On June 11th and 12th, I attended the Offshore Support Journal Conference, Americas 2024. Attendees included major US offshore vessel owners, bankers, equipment manufacturers, regulatory bodies, statutory agencies, and other industries involved in the offshore marine space. While not surprising, there was a significant focus on offshore renewables which seems to continue the aversion to conventional offshore oil and gas investments. 

The most notable observations regarding the strong preference for renewable energy came from a panelist of marine-lending bankers. First, it was stated that lending for vessel transactions (whether to build new or to acquire/convert) is much more stringent for vessels supporting conventional oil and gas. One example is a higher loan to value percentage, meaning how much of the transaction value can be financed is much higher for renewable energy transactions. A loan for renewable associated vessels can be as high as 80% of the total value where as a loan for a conventional vessel may only be 50% of the total value. 

Another example is that many lenders are now requiring prior approval for deals by their respective Environmental, Social, and Governance (ESG) committees  before going through the bank’s credit approval committees.

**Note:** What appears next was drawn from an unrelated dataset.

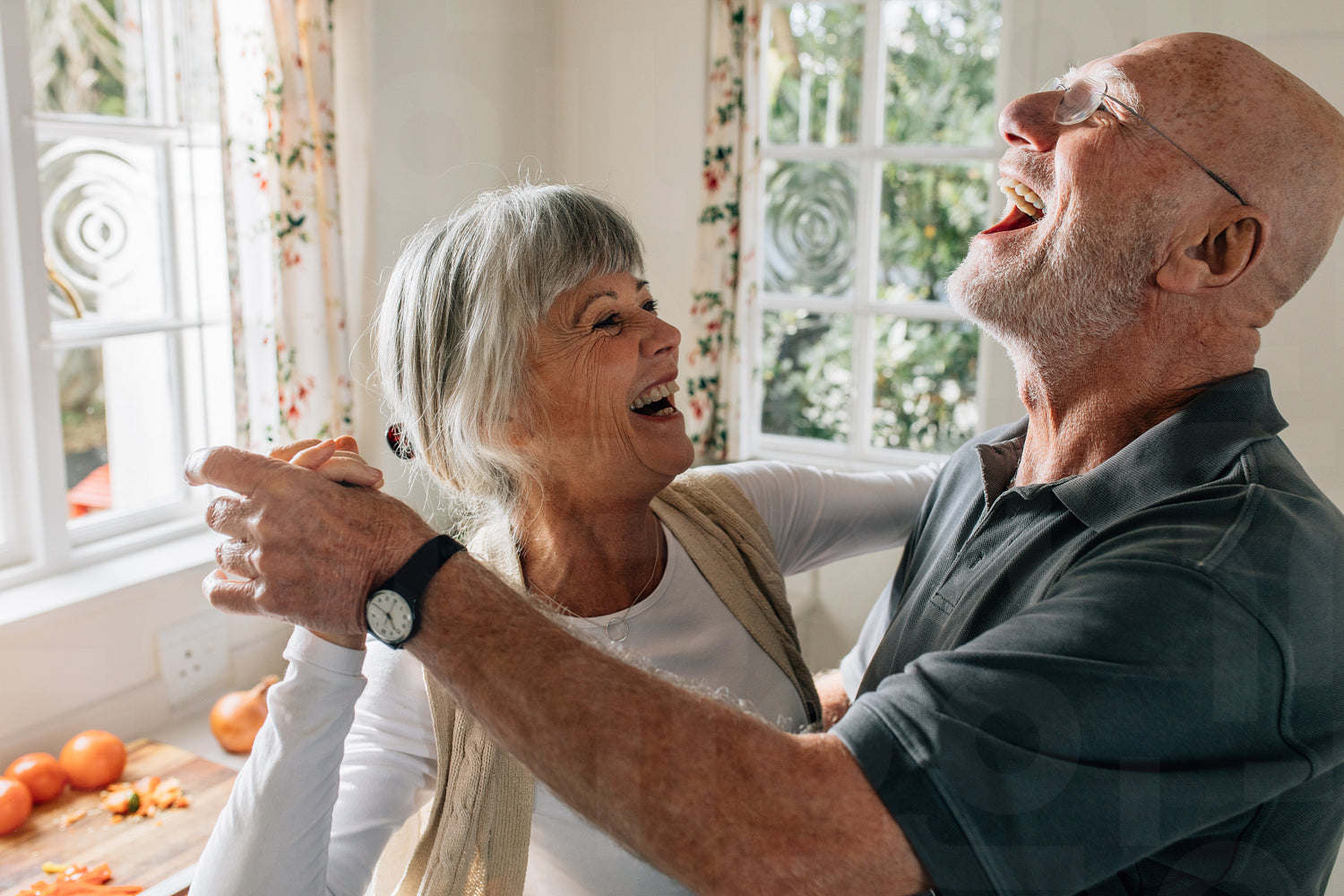 Senior man and woman dancing in joy at home. Happy senior couple having fun doing a ballroom dance at home.

This means that for approval, a deal must meet the requirement of the ESG committee which will be very focused on the environmental impact of the transaction. Generally, deals for conventional vessels will be looked upon much less favorably than deals for renewable energy vessels. As a result, it will be much harder to finance a conventional vessel construction or acquisition. 

Based on the current state of the OSV industry (which is in support of conventional oil and gas) the aversion to lending is not necessarily a bad thing. The value of existing conventional OSVs, particularly the younger ones in the fleet, will continue to rise with little to no risk of meaningful numbers of new vessels being built.